A match angler has smashed the British shore-caught smoothhound record with the capture of this 25lb specimen.

Chris Mack swapped his pole for a beachcaster rod and took a trip to Sutton-on-Sea in Lincolnshire where he punched a peeler crab hookbait out to an area of sand and clay at 150yds range.

The Hull-based angler, who usually spends his time competing against some of the best match anglers in the UK at Lindholme Lakes in Doncaster, thought he’d received a bite from a small flatfish when the tip of his rod indicated the faintest of bites.

But when he lifted into it he realised a much bigger specimen was responsible. The ‘Starry’ smoothhound, which smashed his personal best for the species by 7lb, put his 15lb mainline coupled with a 60lb shockleader to the test.
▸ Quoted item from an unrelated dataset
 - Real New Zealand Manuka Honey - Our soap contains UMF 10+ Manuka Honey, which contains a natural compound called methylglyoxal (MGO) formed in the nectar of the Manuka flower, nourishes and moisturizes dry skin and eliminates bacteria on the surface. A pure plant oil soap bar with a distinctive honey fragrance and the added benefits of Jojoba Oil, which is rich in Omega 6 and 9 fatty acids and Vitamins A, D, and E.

The fish beats the current British best, a smoothie of 23lb 2oz caught in 1972. Chris, however, won’t be submitting a record claim.

“I’m not really bothered about records and to determine whether it’s a ‘starry or a ‘common smoothhound it’s often necessary to kill the fish which is something I’m not prepared to do,” Chris told Angling Times.
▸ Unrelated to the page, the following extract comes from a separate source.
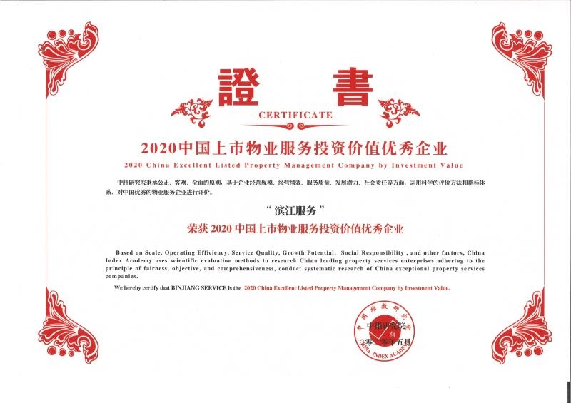 BINJIANG SERVICE is the 2020 China Excellent Listed Property Management Company by Investment Value.

“I love my match fishing, but there’s nothing better than getting out on the beach and whacking some baits out as it’s something completely different. It’s good to mix your fishing up a bit.

“When the tip of my rod twitched I thought it was a bite from a little ‘flattie’, but I had a shock when the strike was met with such heavy resistance and then it started heading out to sea.

“I knew it was a big fish, but it was a real surprise when I first saw it appear in the surf and once I got it on the beach I know it was going to be something special before I’d even got it in the sling and on the scales,” he added.

- The Starry Smoothhound is found in the northeast Atlantic from the British Isles and North
Sea to Mauritania and the Canary Isles, including the Mediterranean Sea.
- Can reach a maximum length of 4.5ft, but the average size 3.2ft.
- Grey or greyish brown colour with a scattering of small white spots on its dorsal.
- Prefers places where the seabed is sand or gravel.
- They feed mostly on crustaceans, such as crabs, lobsters and molluscs.